*PROBLEM DESCRIPTION:* Output all entries verbatim, dropping pictures.

*DATA SUPPLIED:*
******************************
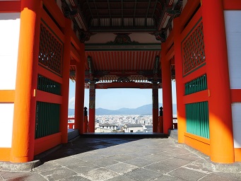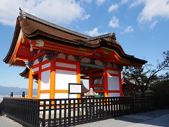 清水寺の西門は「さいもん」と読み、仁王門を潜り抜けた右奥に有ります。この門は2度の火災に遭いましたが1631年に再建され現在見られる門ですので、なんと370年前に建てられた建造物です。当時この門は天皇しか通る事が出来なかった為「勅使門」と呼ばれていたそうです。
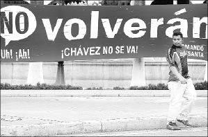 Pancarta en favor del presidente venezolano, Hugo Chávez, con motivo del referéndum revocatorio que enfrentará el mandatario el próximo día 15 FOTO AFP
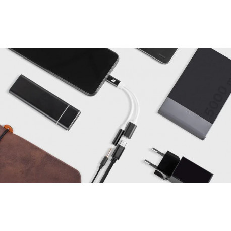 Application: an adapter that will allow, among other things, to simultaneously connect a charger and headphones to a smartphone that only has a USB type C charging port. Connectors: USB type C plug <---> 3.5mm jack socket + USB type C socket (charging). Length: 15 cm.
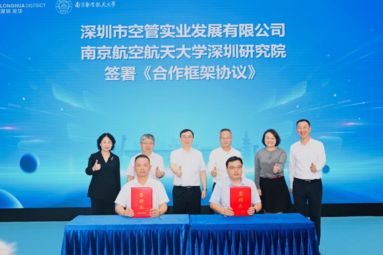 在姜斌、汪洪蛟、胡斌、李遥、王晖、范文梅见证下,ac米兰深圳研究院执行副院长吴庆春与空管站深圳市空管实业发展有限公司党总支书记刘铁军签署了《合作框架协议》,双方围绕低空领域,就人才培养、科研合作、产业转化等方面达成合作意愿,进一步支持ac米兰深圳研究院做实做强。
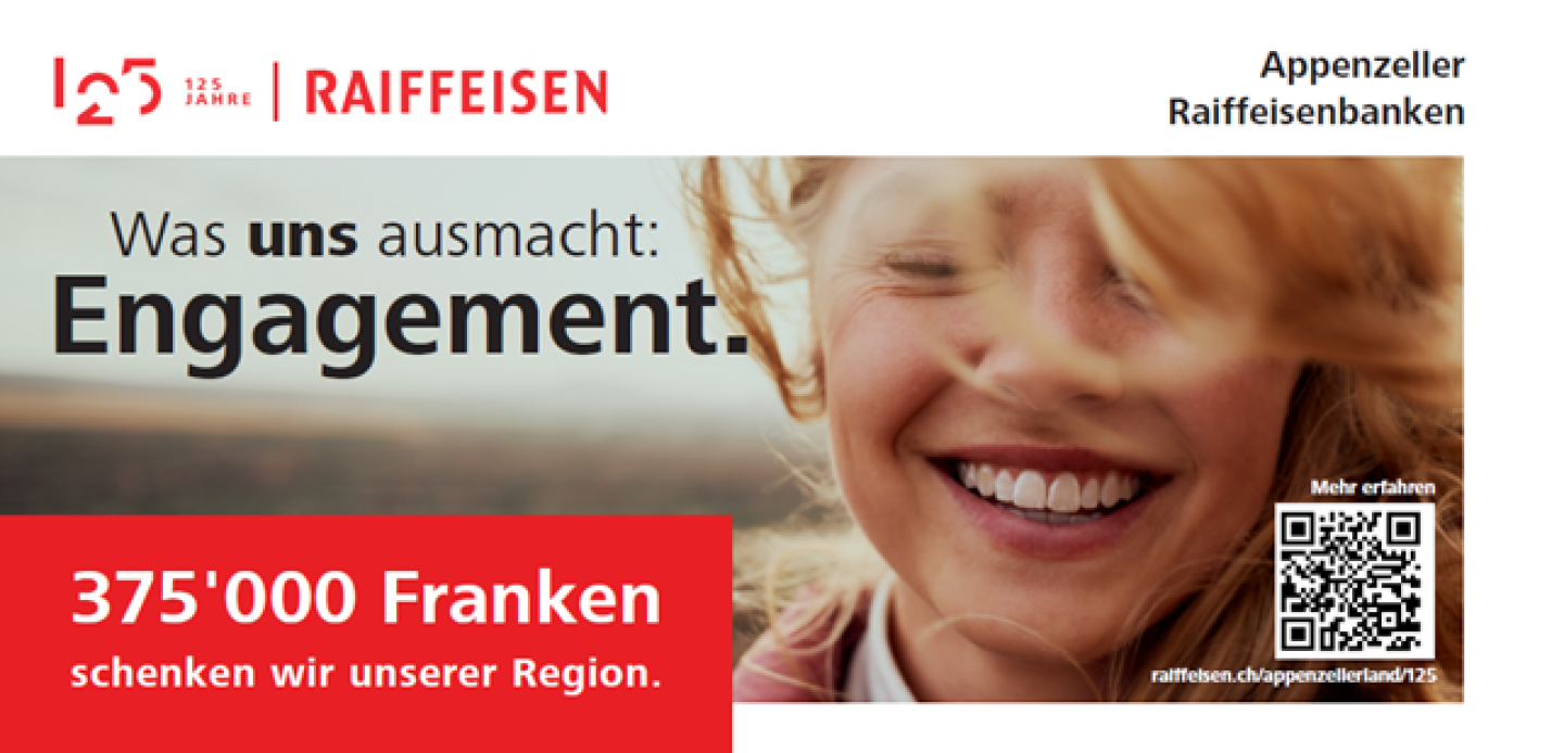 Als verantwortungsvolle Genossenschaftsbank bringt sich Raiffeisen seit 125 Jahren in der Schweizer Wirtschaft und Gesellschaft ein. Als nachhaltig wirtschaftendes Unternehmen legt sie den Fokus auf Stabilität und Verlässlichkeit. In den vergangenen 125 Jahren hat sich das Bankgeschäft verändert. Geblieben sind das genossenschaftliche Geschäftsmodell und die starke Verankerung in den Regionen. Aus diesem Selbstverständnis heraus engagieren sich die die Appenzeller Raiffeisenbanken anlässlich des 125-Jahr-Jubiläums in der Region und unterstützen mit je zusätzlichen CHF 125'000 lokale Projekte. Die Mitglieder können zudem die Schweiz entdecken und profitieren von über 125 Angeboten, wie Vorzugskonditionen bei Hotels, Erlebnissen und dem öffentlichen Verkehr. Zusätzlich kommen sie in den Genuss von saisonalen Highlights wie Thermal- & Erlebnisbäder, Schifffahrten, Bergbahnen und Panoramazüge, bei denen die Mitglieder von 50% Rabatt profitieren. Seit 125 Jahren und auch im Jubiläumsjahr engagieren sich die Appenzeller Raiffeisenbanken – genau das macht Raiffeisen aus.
******************************
*TASK ANSWER:*
 清水寺の西門は「さいもん」と読み、仁王門を潜り抜けた右奥に有ります。この門は2度の火災に遭いましたが1631年に再建され現在見られる門ですので、なんと370年前に建てられた建造物です。当時この門は天皇しか通る事が出来なかった為「勅使門」と呼ばれていたそうです。
 Pancarta en favor del presidente venezolano, Hugo Chávez, con motivo del referéndum revocatorio que enfrentará el mandatario el próximo día 15 FOTO AFP
 Application: an adapter that will allow, among other things, to simultaneously connect a charger and headphones to a smartphone that only has a USB type C charging port. Connectors: USB type C plug <---> 3.5mm jack socket + USB type C socket (charging). Length: 15 cm.
 在姜斌、汪洪蛟、胡斌、李遥、王晖、范文梅见证下,ac米兰深圳研究院执行副院长吴庆春与空管站深圳市空管实业发展有限公司党总支书记刘铁军签署了《合作框架协议》,双方围绕低空领域,就人才培养、科研合作、产业转化等方面达成合作意愿,进一步支持ac米兰深圳研究院做实做强。
 Als verantwortungsvolle Genossenschaftsbank bringt sich Raiffeisen seit 125 Jahren in der Schweizer Wirtschaft und Gesellschaft ein. Als nachhaltig wirtschaftendes Unternehmen legt sie den Fokus auf Stabilität und Verlässlichkeit. In den vergangenen 125 Jahren hat sich das Bankgeschäft verändert. Geblieben sind das genossenschaftliche Geschäftsmodell und die starke Verankerung in den Regionen. Aus diesem Selbstverständnis heraus engagieren sich die die Appenzeller Raiffeisenbanken anlässlich des 125-Jahr-Jubiläums in der Region und unterstützen mit je zusätzlichen CHF 125'000 lokale Projekte. Die Mitglieder können zudem die Schweiz entdecken und profitieren von über 125 Angeboten, wie Vorzugskonditionen bei Hotels, Erlebnissen und dem öffentlichen Verkehr. Zusätzlich kommen sie in den Genuss von saisonalen Highlights wie Thermal- & Erlebnisbäder, Schifffahrten, Bergbahnen und Panoramazüge, bei denen die Mitglieder von 50% Rabatt profitieren. Seit 125 Jahren und auch im Jubiläumsjahr engagieren sich die Appenzeller Raiffeisenbanken – genau das macht Raiffeisen aus.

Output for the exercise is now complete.